The study was carried out to estimate the technical efficiency of rice farmers in the Swat district of Khyber Pakhtunkhwa. Area wise, Swat is the 15th largest district of KPK and is one of the most beautiful and tourist-intensive areas of Pakistan. It is located in the foothills of the Hindu Kush mountain range. Its capital is Saidu Sharif, and its largest city is Mingora; its population is recorded as 2.309 million with a total area of about 5337 square kilometers. Tourism and agriculture are the main sectors of the district’s economy [13,14]. The district is famous for the production of great quality rice, and its local variety “Beghami” is in high demand in the district as well as in all other parts of the country, due to its taste (See Figure 2.)

2. Materials and Methods

This part of the study delivers some comprehensive information regarding the study area, size of the sample taken, procedure, and the analytical and conceptual framework of the model.

2.1. Sampling Procedure

A multi-stage random sampling procedure was used to interview a total of 204 rice growers in the Swat valley [15,16,17,18,19,20]. At the first stage, three tehsils were selected randomly from seven tehsils. At the second stage, the required number of rice growers were randomly selected from the chosen tehsils using the formula from [21], as used by the authors of [17,19,22,23,24], given as:

$$n=\frac{N}{1+N\left(e\right)²}$$

(1)

• n is the size of sample for rice growers;
• N shows the total no. of rice farmers in chosen tehsils;
• e shows the accuracy’s level.

After deciding the total sample size, a proportional allocating sampling technique [25] was used to interview the rice growers from each and every chosen tehsil following [10,16,22,23,26,27,28]:

$$n_i=\left(\frac{n}{N}\right)\times N_i$$

(2)

• n_i is the amount of rice farmers in the selected ith tehsil;
• n shows the size of sample calculated by Yamane’s formula;
• N is the aggregate of rice farmers in all the chosen tehsils;
• N_i is number of rice farmers in the ith tehsil.

Table 1. Sampling design and sample size.

District	Tehsil	Rice Growers	Sampled Growers
Swat	Babuzai	172	82
	Kabal	85	42
	Matta	168	80
	Total	425	204

Source: Extension Department Swat, 2019.

explain the sample design and sample size of the study. The data is collected from the four tehsils of district swat. Number of sample rice growers for each tehsil is given in below Table 1.

2.2. Data Types and Collection

In this study, we employed both secondary and primary data. Secondary data were taken from FAO, Pakistan Bureau of statistics and the local extension department. The primary data were collected from rice growers during the rice crop season of 2020, using an interview schedule that was designed well after pre-testing it in the field.
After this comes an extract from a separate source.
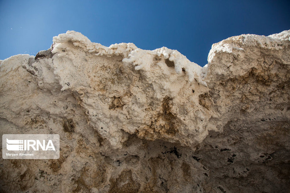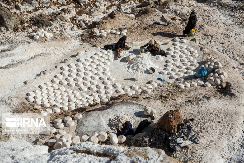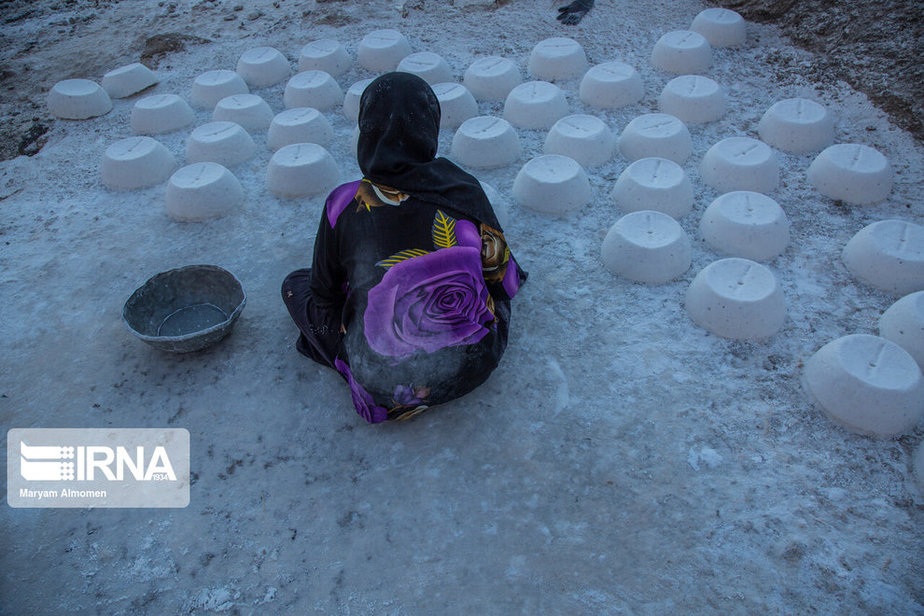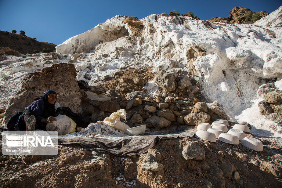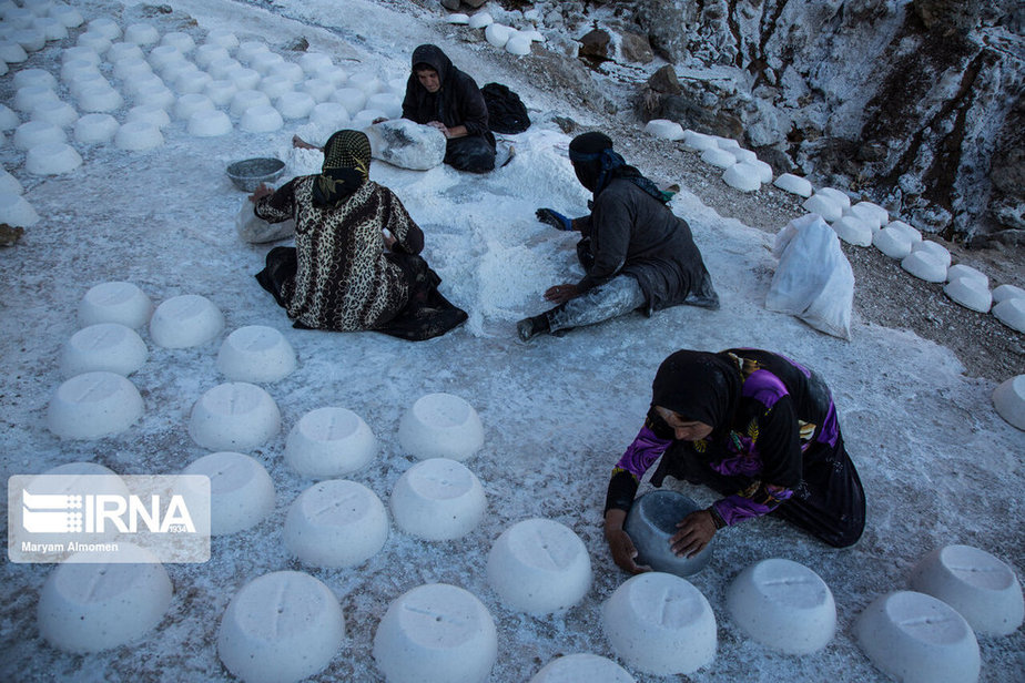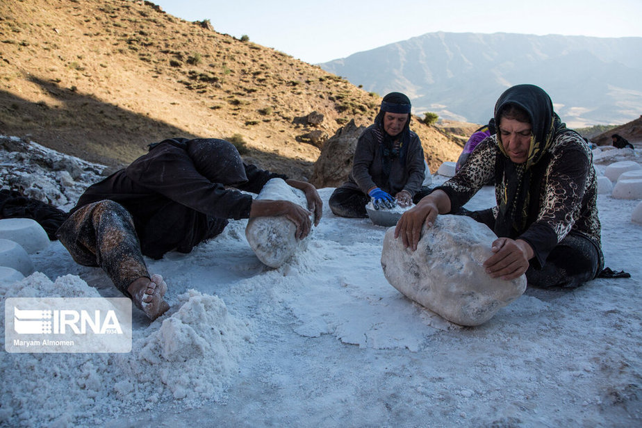 زنان با تیشه به قسمتهای مختلف میروند تا تکههای نمک را جدا کنند؛ تکههای جدا شده به پایین آورده تا با سنگهای بزرگ نرم و آسیاب شود.

All the respondents were interviewed directly using their local languages at their farms and homes.

2.2.1. Data Analysis

Net revenue/profit: according to [29], the profit gained by an individual is equal to the difference of gross margin and fixed cost, while the gross margin is referred to as the total revenue minus the total cost experienced on variable inputs. It can also be defined as the total market value of the output produced minus the total cost experienced in a production process [30] given by the following formula:

$$\pi =TR-TC$$

(3)

$$TR=P{Q}_i\times Q_i$$

(4)

$$TC=P{x}_i\times X_i$$

(5)

• where $\pi$ is the net revenue gained minus total costs or simply the profit;
• TR is the total or gross revenue gained from the output;
• TC shows the amount of cost incurred;
• P_Q is the price per unit of output;
• Q_i shows the total amount of output produced;
• Px_i is the price per unit of input;
• X_i shows the inputs’ quantity.

2.2.2. Conceptual Framework

The term efficiency was first introduced by [5]; he divided this term into three categories of technical, allocative, and economic efficiency. Economic efficiency is when a farm produces a given and required maximum level of output at the least possible cost; allocative efficiency is the level of output where the marginal value product of additional output and marginal cost becomes equal to each other. Technical efficiency is to produce the maximum possible amount of output from the given available inputs. Measuring the technical efficiency of individuals in a production process was first introduced by [5]. According to [5,6,7], technical efficiency, in simple terms, is the deviation of an individual farm on an isoquant curve from the best performer of a particular group, and generally reflects a farm’s ability and expertise to achieve the maximum output by dealing with the available resources and technology, without discussing the relative market prices of both the inputs and output.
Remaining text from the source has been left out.